Hang on to your britches—this week could get bumpy.

Stocks, bonds, gold and Bitcoin were all hit as investors ended the week with very few places to hide.

Friday’s stronger-than-expected jobs report triggered a sharp reversal. The Nasdaq plunged 4.2%, the S&P 500 fell 2.6%, and the Dow dropped 1.3%. It ended the S&P’s nine-week winning streak and erased roughly $1.8 trillion in market value.

The economy added 172,000 jobs in May, about twice what economists expected, while unemployment remained at 4.3%.

Normally, strong employment would be good news. This time, Wall Street saw it differently.

A strong economy gives the Federal Reserve less reason to lower interest rates—and possibly more reason to raise them again if inflation refuses to cool.

Rates Suddenly Matter Again

The two-year Treasury yield climbed to approximately 4.16%, its highest level since February 2025. The 10-year yield moved above 4.5%.

When government bonds begin paying attractive yields, investors have less reason to chase expensive and volatile technology stocks. Higher yields also push up mortgage rates, business borrowing costs and the cost of carrying debt.
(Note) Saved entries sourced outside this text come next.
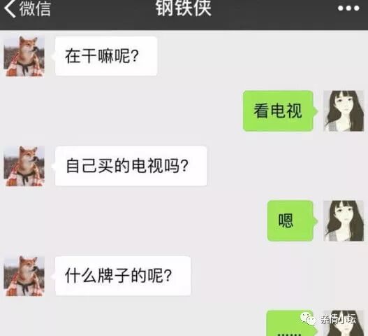 第二个男生为了和心仪的女生聊天,就开启了找话题聊天,但是看完这聊天记录,小编只能说要不要这么尴尬啊,男生问女生“在干嘛呢”,女生说在看电视,而男生还问是自己买的电视吗?还问是什么牌子的,看到女生回复的省略号小编都懂了,女生此刻应该是一脸生无可恋的样子。
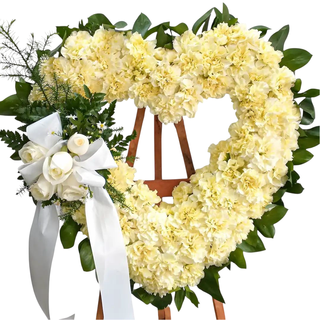 Hermosa corona fúnebre elaborado con claveles y flores surtidas
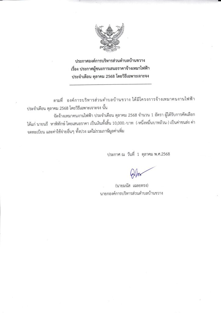 ประกาศองค์การบริหารส่วนตำบลบ้านขวาง เรื่อง ประกาศผู้ชนะการเสนอราคาจ้างเหมาคนงานไฟฟ้า ประจำเดือน ตุลาคม ๒๕๖๘ โดยวิธีเฉพาะเจาะจง Post published:1 ตุลาคม 2025 Post category:ข่าวจัดซื้อจัดจ้าง
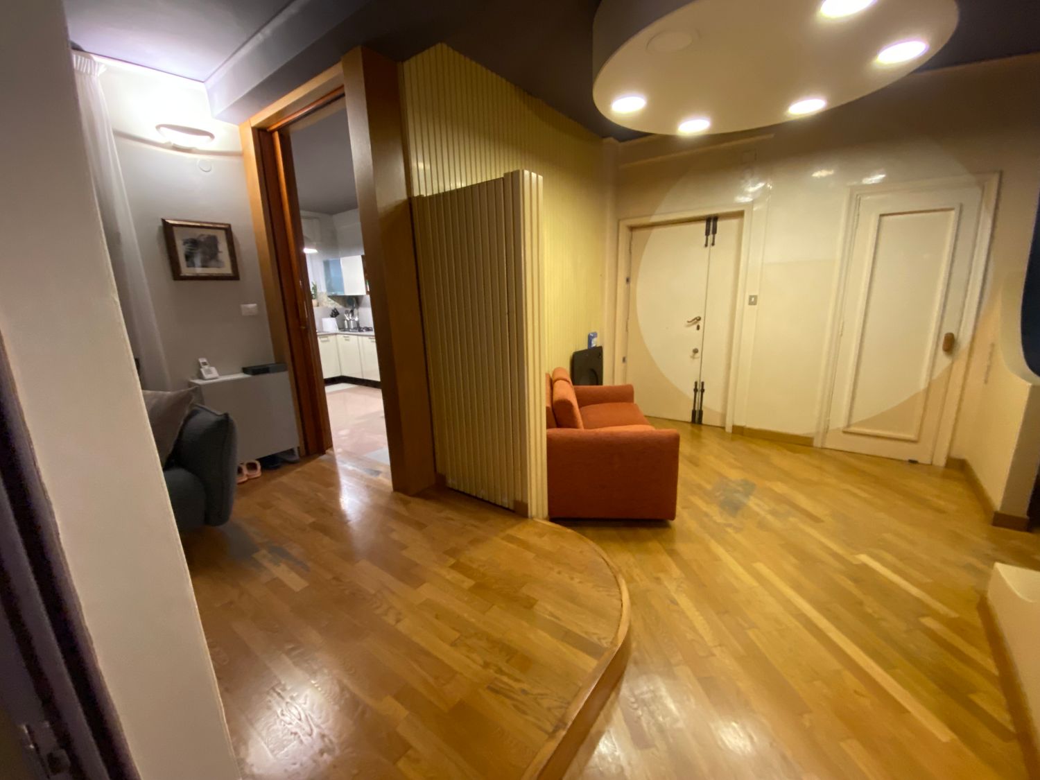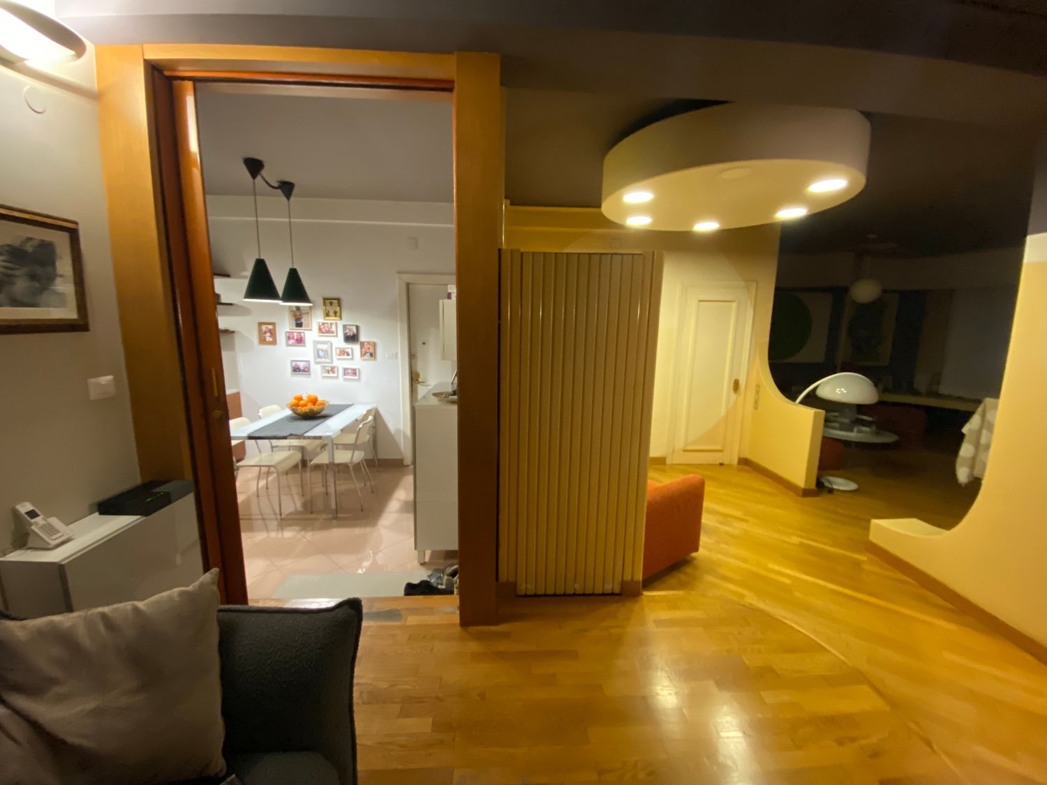 Flooring: clearly, a new floor must be installed in the kitchen and in the area where the platform currently exists (which I wish to remove). I am unsure whether to keep the parquet in the rest of the home (which would need refinishing). Replacing the entire floor would require long timelines and high costs. I would appreciate a suggestion on the matter, and if the parquet is kept, I wonder how it would look next to the new flooring to be selected.
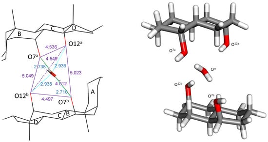 Left: Oxygen–Oxygen distances (lines and data in amethyst color) of the tetrahedron formed by the O7-H and O12-H hydroxy atoms of the two steroid residues encapsulating a water molecule located at their centroid []. The four hydrogen bonds are indicated with blue lines, as are the hydrogen bond distance values (Ow-H…O7 and O12-H…Ow). All data in Å. Right: Simplified system model.
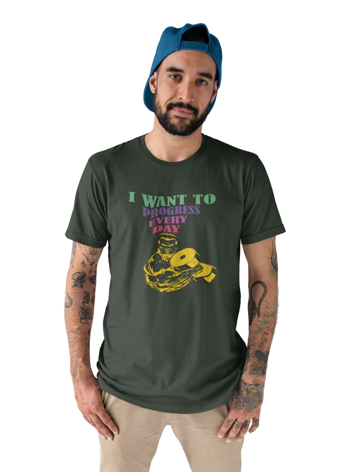 I Want to Progress Everyday, Muscle Man- Yellow, Round Neck Gym Tshirt - Foremost Gifting Material for Your Friends and Close Ones
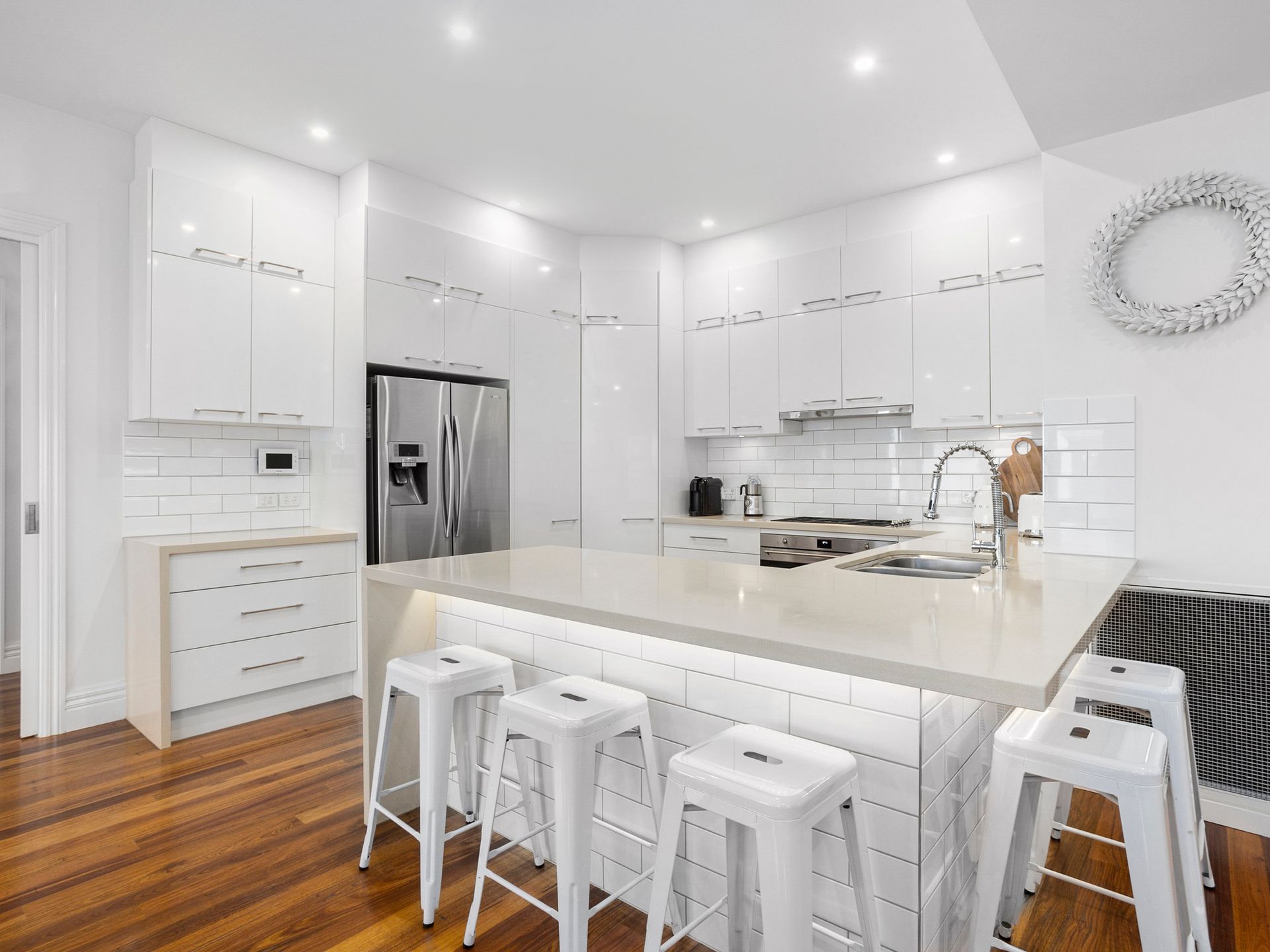 The generously sized breakfast bar seats up to 5, and is the perfect place to serve meals when you want a more casual style or kids meal. Alternatively the expandable dining table can seat 6 – 12 comfortably.
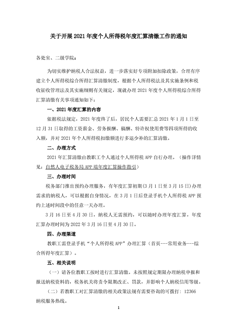 关于开展2021年度个人所得税年度汇算清缴工作的通知
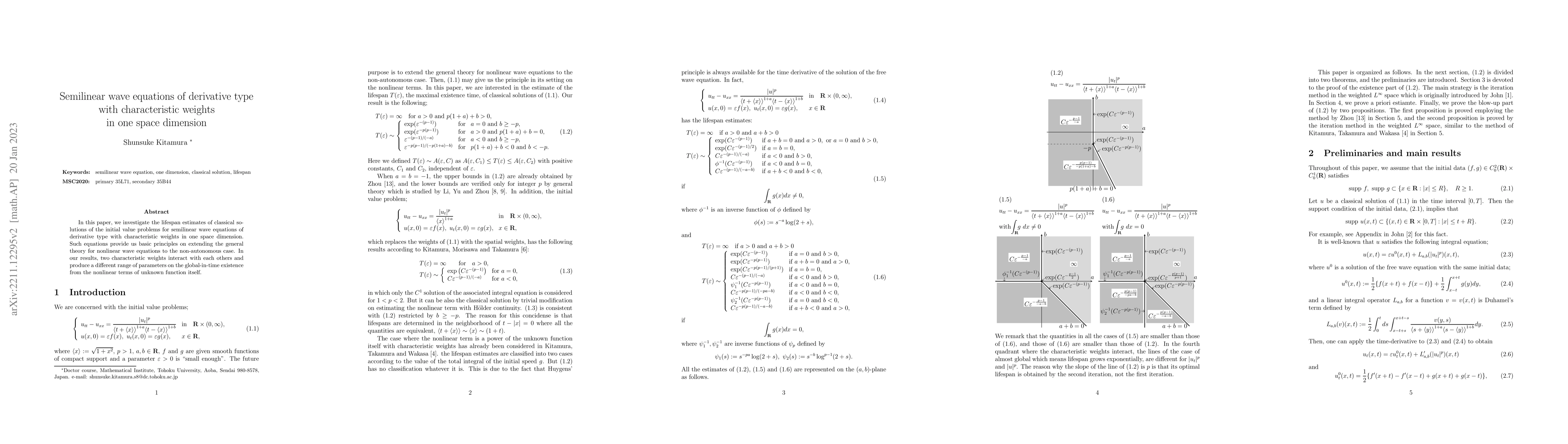 This paper examines the lifespan of classical solutions for semilinear wave equations of derivative type with characteristic weights in one space dimension, focusing on how these weights influence the global-in-time existence of solutions and extend the general theory for nonlinear wave equations to non-autonomous cases.
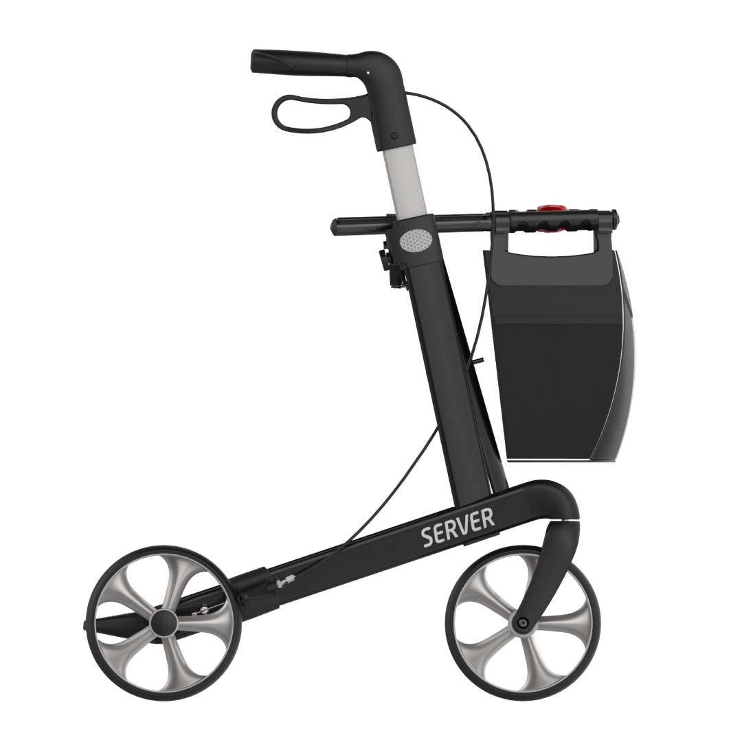 De Server rollator van Rehasense is een stijlvolle, stabiele en betrouwbare rollator met een uniek driehoekig frameontwerp. Dankzij het lichte aluminium frame weegt deze rollator slechts 7,2 kg (zonder tas) en behoort hij tot de lichtste in zijn klasse met een draagvermogen van 150 kg. De Comfort-uitvoering met zachte PU-wielen biedt extra rijcomfort, ideaal voor gebruik op oneffen ondergrond, zowel binnen als buiten.
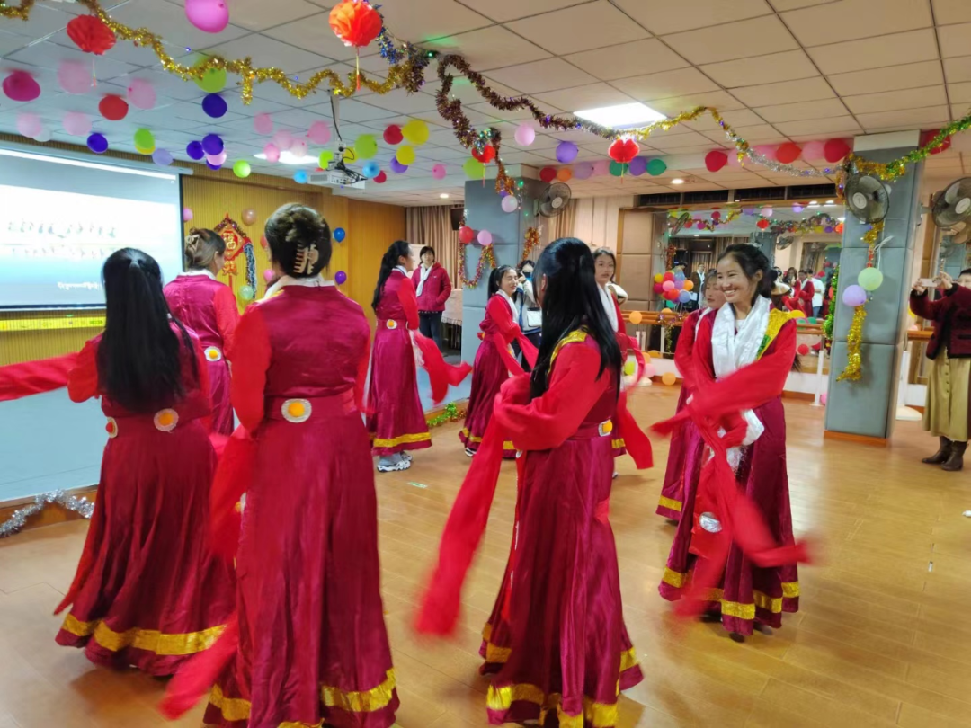 活动现场,师生们发挥文艺特长,表演了精彩的节目。藏族同学们手捧青稞酒,情不自禁地跳起了传统的锅庄舞,唱起了民族歌曲,老师们也伴随音乐一同起舞👨🏽🍳,将活动气氛推向高潮。

The average 30-year mortgage is now around 6.5%, which means the pain is not limited to Wall Street.

The AI Trade Finally Hit a Wall

Semiconductor stocks took the worst beating.

The Philadelphia Semiconductor Index fell more than 10% Friday, wiping out approximately $1.2 trillion in market value. Nvidia, Broadcom, AMD, Micron and other AI-related names were caught in the selling.

But here is the important part: the chip index is still up roughly 73% this year. That tells us how far and how fast these stocks had already climbed.

The AI story may still be real, but expectations became enormous. Investors were pricing in years of explosive growth as though nothing could go wrong.

Friday reminded everyone that when market leadership is concentrated in only a handful of companies, weakness in those companies can quickly drag everything else down with them.

Bridgewater founder Ray Dalio warned that the market’s heavy dependence on one popular and volatile sector looks like the kind of concentration often seen during bubbles. That does not mean AI is finished. It means the easy part of the rally may be over.

There Was Nowhere to Hide

This was not simply money rotating out of technology and into safer investments.

Bonds fell as yields rose. Gold moved near its lowest level of the year. Bitcoin had already been sliding for several days. Investors were pulling money out of several markets at the same time.

That is what made Friday different. It was not just one bad group or one disappointing earnings report. It was a broad reassessment of risk.

Inflation Could Decide What Happens Next

The market’s next major test comes Wednesday at 8:30 a.m. ET, when the May Consumer Price Index is released. Producer inflation follows Thursday morning.

A cooler CPI report could push Treasury yields lower and create a powerful relief rally in technology and semiconductor stocks.

A hotter report could do the opposite. It would strengthen the argument that inflation remains too high and could increase pressure on the Federal Reserve to tighten policy again.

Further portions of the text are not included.